Washington Mutual said Tuesday that it will get $7 billion from a stock sale to private-equity firm TPG Capital and other investors, representing a huge discount to Monday’s closing price. However, the value of the deal is $2 billion more than earlier reports had predicted.
TPG itself will purchase $2 billion in newly issued WaMu securities. The nation’s largest thrift said that with the proceeds, its capital ratios are expected to remain well above its targeted levels while credit costs in its loan portfolios are at elevated levels in 2008 and 2009. At the same time, the company will continue to grow its leading national bank-franchise business.
“We’re very pleased that TPG and these major investors have expressed their confidence in WaMu’s underlying value and its growth potential,” said WaMu chairman and CEO Kerry Killinger. “This substantial new capital — along with the other steps we are announcing today — will position us for a return to profitability as these elevated credit costs subside. With the support of these investors, we have every confidence in our ability to deal with today’s market conditions and restore shareholder value.”
The other steps include WaMu appointing TPG founding partner David Bonderman to its board of directors. And Larry Kellner, chairman and CEO of Continental Airlines and former CFO of American Savings Bank, will become a board observer at TPG’s request.
In addition to raising capital, the company said it will all but eliminate its dividend, slashing it to a penny per common share from its most recent quarterly rate of $0.15 per share.
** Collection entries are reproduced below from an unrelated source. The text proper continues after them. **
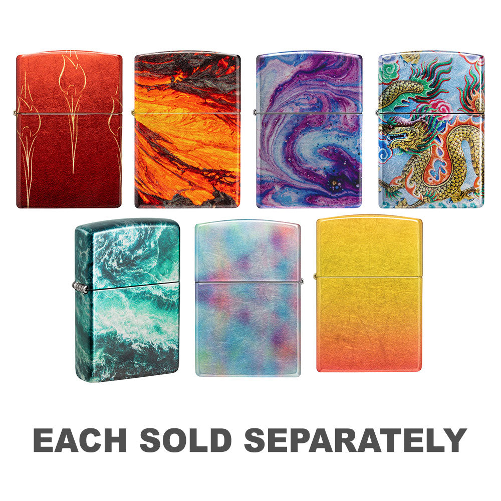 Zippo Dragon 540 Fusion Design Accendino è realizzato con tutte le costruzioni in metallo, il design del vento funziona praticamente ovunque. Una evoluzione totalmente nuova di due dei nostri metodi di impronta più ricercati. Elementi metallici luccicanti ed eleganti palette di colori traslucide, il segno distintivo del processo di fusione uniscono le forze con la tecnologia di colore 540 proprietaria per avvolgere l'accendino su tutti i lati per un risultato finale senza soluzione di continuità, iridescente e assolutamente sorprendente. Questo vivido design del drago si turbina in cima a uno sfondo geometrico rosso ed è integrato dal logo lungo un lato.
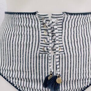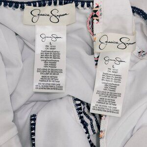 Show off your beach style with the JESSICA SIMPSON Women's Swimsuit. This 2 piece swimsuit features a multi geometric bikini top and bottom, both in size L. Made from a blend of nylon and spandex.
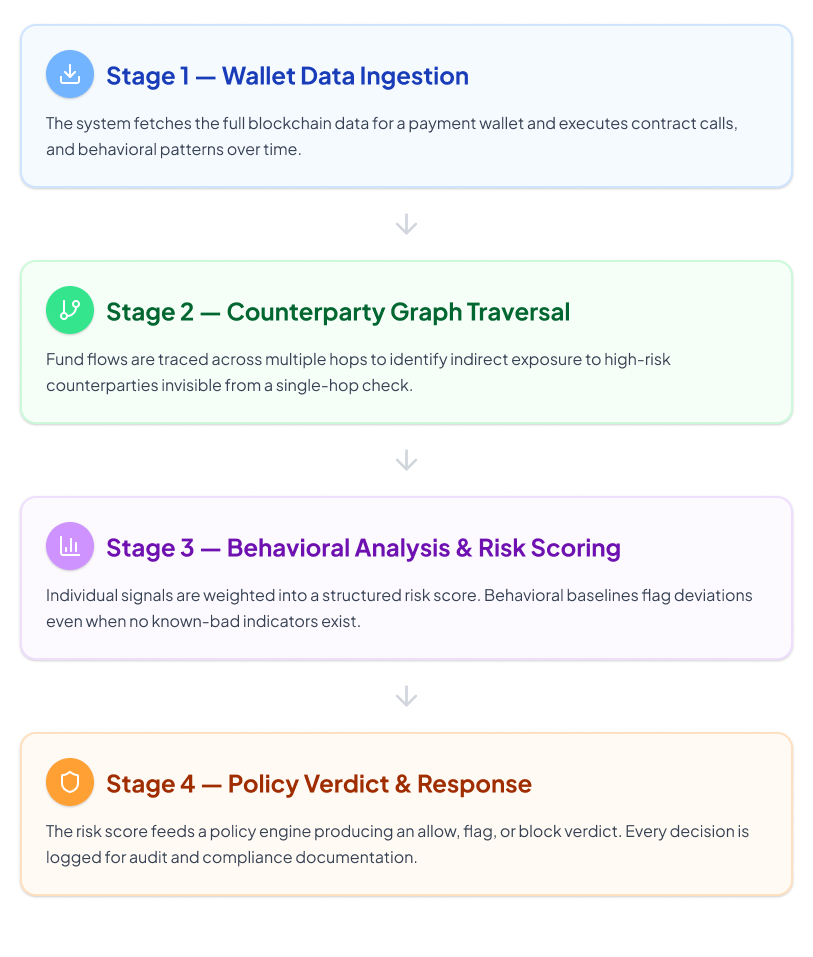 Static watchlists and known-bad address databases only identify wallets that have already been flagged. By the time a wallet appears on a watchlist, the activity that triggered the flag has already occurred — and a significant proportion of payment risk originates from wallets with no prior flags at all.
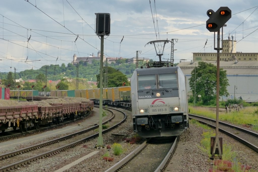 TXL 185 693 am 24.6.13 mit einem Güterzug richtung Gemünden in Würzburg-Zell.

WaMu said this will save the company about $490 million annually.
WaMu also revealed that it lost about $1.1 billion in the first quarter.
In the capital-raising transaction, the company sold about 176 million shares of its stock at $8.75 per share, a 33 percent discount from the Monday closing price.
In addition, the company issued about 55,000 shares of convertible preferred stock. After the company’s shareholders and others approve the deal, the convertible preferred stock will automatically convert into the company’s common stock at an initial exercise price of $8.75 per share.
In addition, certain investors who agreed to transfer restrictions on their shares will receive warrants, which will become exercisable for common stock based on a post-closing reference price. These warrants have a term of five years.